*Problem to solve*: Give back the full listing exactly, setting the pictures aside.

*Data*:
===
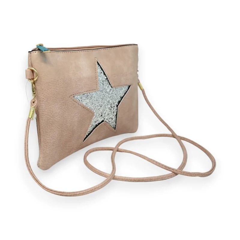 Optez pour une touche de délicatesse avec ce sac pochette bandoulière en synthétique de couleur vieux rose. En son cœur, il arbore une étoile argentée brillante, un détail qui ajoute une élégance instantanée à cet accessoire. Pratique tout en étant stylé, il est doté d'une poche centrale zippée pour un rangement sécurisé de vos essentiels tels que téléphone, clés et portefeuille. La sangle fine, réglable, permet un port confortable soit en bandoulière, soit sur l'épaule, offrant ainsi une polyvalence adaptée à toutes occasions. Avec ses dimensions de 23 cm par 16 cm, ce sac combine commodité et chic, parfait pour les sorties où seule l'élégance est invitée.
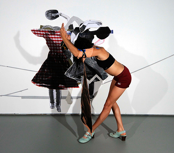 Marie Boyette, assistant professor-in-residence, dramatic arts, rehearsing a dance sequence for “The Pedagogical Puppet: Projects by Sally Smart.” (David Cool ’12 (SFA) for UConn)
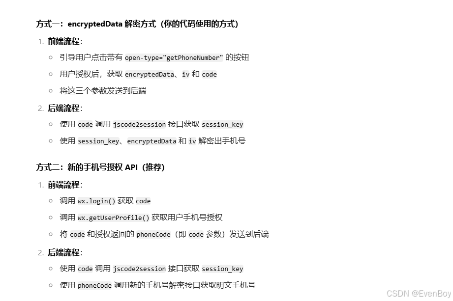 * 与encryptedData一起由前端wx.getPhoneNumber()返回
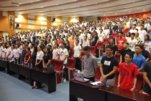 首先,全体起立,奏唱校歌,在信息科学与技术学院2018级新生嘹亮的歌声中,信息科学与技术学院2018年院长新生对话会拉开序幕。
===
*Written response*:
 Optez pour une touche de délicatesse avec ce sac pochette bandoulière en synthétique de couleur vieux rose. En son cœur, il arbore une étoile argentée brillante, un détail qui ajoute une élégance instantanée à cet accessoire. Pratique tout en étant stylé, il est doté d'une poche centrale zippée pour un rangement sécurisé de vos essentiels tels que téléphone, clés et portefeuille. La sangle fine, réglable, permet un port confortable soit en bandoulière, soit sur l'épaule, offrant ainsi une polyvalence adaptée à toutes occasions. Avec ses dimensions de 23 cm par 16 cm, ce sac combine commodité et chic, parfait pour les sorties où seule l'élégance est invitée.
 Marie Boyette, assistant professor-in-residence, dramatic arts, rehearsing a dance sequence for “The Pedagogical Puppet: Projects by Sally Smart.” (David Cool ’12 (SFA) for UConn)
 * 与encryptedData一起由前端wx.getPhoneNumber()返回
 首先,全体起立,奏唱校歌,在信息科学与技术学院2018级新生嘹亮的歌声中,信息科学与技术学院2018年院长新生对话会拉开序幕。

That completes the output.